Each record below should be repeated precisely as written.

Records from a dataset

+ + + +

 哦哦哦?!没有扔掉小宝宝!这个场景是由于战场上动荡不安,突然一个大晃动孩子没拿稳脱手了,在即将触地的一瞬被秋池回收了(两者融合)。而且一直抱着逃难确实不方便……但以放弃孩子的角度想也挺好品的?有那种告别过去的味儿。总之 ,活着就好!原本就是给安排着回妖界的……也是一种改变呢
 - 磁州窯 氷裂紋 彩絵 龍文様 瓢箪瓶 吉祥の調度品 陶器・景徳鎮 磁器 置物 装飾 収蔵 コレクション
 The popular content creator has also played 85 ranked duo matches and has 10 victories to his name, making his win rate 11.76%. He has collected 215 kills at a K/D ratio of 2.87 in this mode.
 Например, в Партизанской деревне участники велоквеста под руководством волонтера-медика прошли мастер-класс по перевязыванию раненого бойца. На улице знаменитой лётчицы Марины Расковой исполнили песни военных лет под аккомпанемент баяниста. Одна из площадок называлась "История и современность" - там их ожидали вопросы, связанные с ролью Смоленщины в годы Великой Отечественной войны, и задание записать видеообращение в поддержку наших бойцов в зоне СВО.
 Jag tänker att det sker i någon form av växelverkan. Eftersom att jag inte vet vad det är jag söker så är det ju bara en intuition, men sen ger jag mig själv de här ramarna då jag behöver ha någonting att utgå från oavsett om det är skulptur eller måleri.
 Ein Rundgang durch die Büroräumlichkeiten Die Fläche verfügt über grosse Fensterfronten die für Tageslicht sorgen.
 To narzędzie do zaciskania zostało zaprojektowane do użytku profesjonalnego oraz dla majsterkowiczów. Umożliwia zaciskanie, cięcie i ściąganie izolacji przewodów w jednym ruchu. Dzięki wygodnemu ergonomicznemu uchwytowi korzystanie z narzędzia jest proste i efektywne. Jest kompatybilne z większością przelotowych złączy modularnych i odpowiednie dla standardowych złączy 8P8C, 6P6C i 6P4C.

+ + + +

**SOLUTION TO THIS TASK**:
 哦哦哦?!没有扔掉小宝宝!这个场景是由于战场上动荡不安,突然一个大晃动孩子没拿稳脱手了,在即将触地的一瞬被秋池回收了(两者融合)。而且一直抱着逃难确实不方便……但以放弃孩子的角度想也挺好品的?有那种告别过去的味儿。总之 ,活着就好!原本就是给安排着回妖界的……也是一种改变呢
 - 磁州窯 氷裂紋 彩絵 龍文様 瓢箪瓶 吉祥の調度品 陶器・景徳鎮 磁器 置物 装飾 収蔵 コレクション
 The popular content creator has also played 85 ranked duo matches and has 10 victories to his name, making his win rate 11.76%. He has collected 215 kills at a K/D ratio of 2.87 in this mode.
 Например, в Партизанской деревне участники велоквеста под руководством волонтера-медика прошли мастер-класс по перевязыванию раненого бойца. На улице знаменитой лётчицы Марины Расковой исполнили песни военных лет под аккомпанемент баяниста. Одна из площадок называлась "История и современность" - там их ожидали вопросы, связанные с ролью Смоленщины в годы Великой Отечественной войны, и задание записать видеообращение в поддержку наших бойцов в зоне СВО.
 Jag tänker att det sker i någon form av växelverkan. Eftersom att jag inte vet vad det är jag söker så är det ju bara en intuition, men sen ger jag mig själv de här ramarna då jag behöver ha någonting att utgå från oavsett om det är skulptur eller måleri.
 Ein Rundgang durch die Büroräumlichkeiten Die Fläche verfügt über grosse Fensterfronten die für Tageslicht sorgen.
 To narzędzie do zaciskania zostało zaprojektowane do użytku profesjonalnego oraz dla majsterkowiczów. Umożliwia zaciskanie, cięcie i ściąganie izolacji przewodów w jednym ruchu. Dzięki wygodnemu ergonomicznemu uchwytowi korzystanie z narzędzia jest proste i efektywne. Jest kompatybilne z większością przelotowych złączy modularnych i odpowiednie dla standardowych złączy 8P8C, 6P6C i 6P4C.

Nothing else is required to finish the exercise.